Dengan cepat Tiara menggunakan langerie seksi pemberian ibu mertua. Dirasa amat risih, wanita itu memilih memakai jubah di atasnya.
'Ah, kenapa terbuka banget begini. Waduh, tidak-tidak. Ini tidak bisa digunakan bersama Mas Yudhi. Sebaiknya kusimpan saja, dan akan kugunakan nanti ketika sudah kembali bersama Mas Wira.'
Segera Tiara mengganti lingerie, lalu memakai baju piyama lengan panjang. Langkahnya kini kembali mendekati sang suami.
"Mas lagi ngapain?"
"Ini Mas lagi mikir, kira-kira nama yang cocok untuk menyimpan nomor ponsel Mas di handphone kamu apa ya?"
Tiara hampir tertawa menyimak pertanyaan lelaki itu. Itu aja kok dibuat pusing. Pikirnya.
"Suamiku aja, Mas."
Dia menggeleng.
"Terlalu simpel. Bagaimana kalau 'Sang Muhallil'?"
Sesuatu menyentak organ pemompa darah Tiara, kenapa Yudhi malah teringat sebutan itu?
"Hihihi ... Mas bercanda. Kalau 'Sayang', gimana, cocokkan?"
Tiara mengangguk dengan perasaan tak enak.
"Nomor Adik juga Mas save dengan nama Sayang, ya?"
"Iya, Mas."
"Emm ... kontak mantan suami Adik, namanya apa?"
"Buat apa Mas, bukankah Mas sudah berjanji tidak akan mengungkit masa lalu."
"Iya, Mas ingat. Mas hanya ingin tahu saja, siapa tahu entar perlu sesuatu, bisa langsung telpon."
Tiara bergeming sejenak. Sudah ia duga akan begini, untungnya Tiara dan Wira sudah memprepare segalanya. Wira sengaja memakai dua nomor untuk saat ini, satu nomor bebas yang bisa dihubungi siapapun, yang satunya lagi khusus untuk mereka berdua.
"Mas Wira, Mas," jawab wanita itu pelan.
Yudhi tampak segera mengetik nama Wira di pencarian. Sesaat setelah nama itu muncul, dia segera mengeklik untuk melihat foto profilnya.
Yudhi tersenyum sambil kembali menatap Tiara.
"Mantan suami Adik tampan ya, Dik. Mirip Darius suaminya Dona itu."
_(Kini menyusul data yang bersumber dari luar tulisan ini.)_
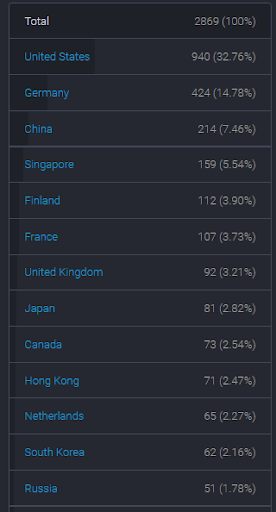 По состоянию на 31 октября насчитывалось 3025 узла эфириума, что на 14,55% меньше, чем на предыдущей неделе. В частности, в США насчитывалось 1007 узлов, 463 узла в Германии, на каждый из которых приходилось 33,29%,15,31% от общего числа узлов соответственно.

Pandangan Tiara seketika teralih.
"Nggak selevel sama Mas, lah. Emang kamu sudah move on dari Mas Darius ini, Dik?"
"Mas Wira, Mas."
"Eh, iya. Mas sampai lupa, habis mirip banget."
Tiara hanya tersenyum.
"Mau jawaban jujur, apa bohong, Mas?"
Yudhi mendelik, kedua alisnya terangkat.
"Dua-duanya."
Tiara ikut tersenyum sambil menggeleng-gelengkan kepala.
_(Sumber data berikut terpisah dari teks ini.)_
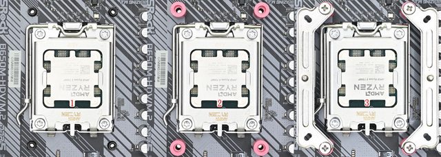 ▼安裝於AMD AM5/AM4平台時,需要AMD托架固定螺絲(左)及AM4/AM5紅色套管(右)
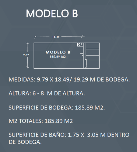 - Baño con un área de 1.75 x 3.05 m dentro de la bodega

"Kalau jawaban jujur, belum, Mas. Tapi kalau jawaban bohong, sudah."
Yudhi terlihat tercengang. Tidak puas.
"Masih on proses, Mas. Semoga setelah kita ...."
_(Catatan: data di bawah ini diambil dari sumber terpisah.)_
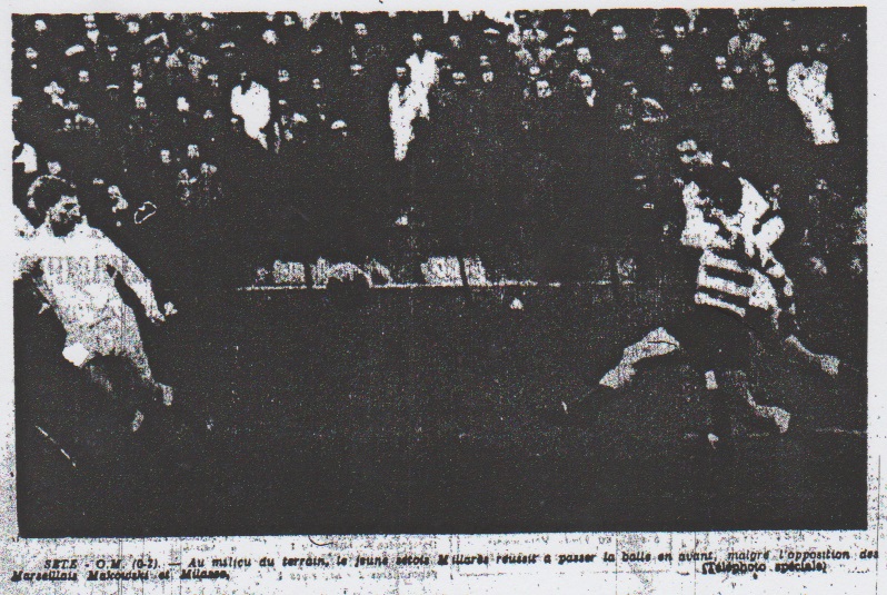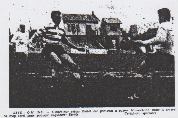 SETE - Près de 3.000 personnes et de nombreux officiels s'étaient rendus au stade Georges Bayrou pour revivre une tranche du passé : le derby Sète - O.M. traditionnel il y a une vingtaine d'années. Mais si la Coupe de France propose, le temps, lui, dispose, et c'est une tranche d'un présent particulièrement glacé que nous avons vécu en claquant des dents et en tapant du pied, hier après-midi, au pied du Mont Saint-Clair. Si encore la rencontre eut pu nous réchauffer, ce n'eut été que moindre mal il n'en fut rien, hélas, pour les supporters sétois et c'est à une partie sans histoire que nous avons assistée. Dogliani frappe d'entrée. Dès la 6me minute, l'habile Dogliani, profitant d'un assez grossier loupé de l'arrière sétois Anselme, trompe Paiola d'un tir croisé de près du gauche. Ce but assez heureux eut le mérite de décontracter les professionnels et de contracter les amateurs. Ces derniers, pourtant, par leur inter gauche Demori et leur demi-aile Miares, firent preuve durant toute la première mi-temps d'un allant et d'un courage admirable au service d'une technique non négligeable. On entendait des "Allez Sète ! Allez Sète" comme au bon vieux temps, et à deux reprises en put croire à l'égalisation. À la 15me minute, à la suite d'une belle montée l'attaque sétoise, Miares, dernier servi, et seul devant la cage de l'O.M., tira à côté. Plus chaude encore fut l'alerte pour les Marseillais à la 31me minute, sur un centre de Miares de la droite, on crut bien qu'Ascencio, de la tête, allait loger la balle dans la cage, mais le ballon passa à quelques centimètres du poteau. Pendant ce temps, l'O.M. s'était contenté de voir venir et c'est à peine si l'on put noter à son avantage un nouveau tir excellent de Dogliani faisant d'ailleurs pendant à un autre tir de Demori qu'Escale arrêta près nettement. Nouveau but de Dogliani En deuxième mi-temps, la fatigue se faisant sentir, l'O.M. prit alors la direction du jeu sans cependant forcer son talent, d'autant plus que dès la 54me minute, un autre tir de Dogliani de 20 mètres environ celui-là, avait fait mouche, pourtant l'avance des professionnels à 2 à 0. |

Tiara berucap sembari menyentuh pundak suaminya. Ingin segera mengakhiri permainan ini dengan persatuan mereka.
"Ehm ...."
Deheman Yudhi membuat Tiara tersentak dan menarik tangan. Mereka saling memandang.
"Boleh lihat-lihat foto, Dik?"
Tiara menghela napas. Dia menangkap Yudhi seperti sedang mengundur malam pertama mereka. Tapi kenapa, bukankah semua pengantin baru ingin segera bermalam pertama bersama kekasih halal mereka?
"Kok dikunci juga, Dik?"
Pertanyaan Yudhi membuat Tiara tersadar dari lamunan. Karena terus memikirkan janjinya pada mantan suami dan ibu mertua, ia jadi lupa kalau foto syur yang tadi dikirim Wira pasti sudah masuk ke dalam galeri. Jangan sampai Yudhi membuka galeri sebelum ia berhasil menghapus fotonya.
"Biar saya buka kuncinya, Mas."
Tiara segera merebut ponsel dari tangan Yudhi. agar lelaki itu tidak bebas memeriksa ponselnya, hampir semua fitur di ponsel telah dikunci oleh Tiara.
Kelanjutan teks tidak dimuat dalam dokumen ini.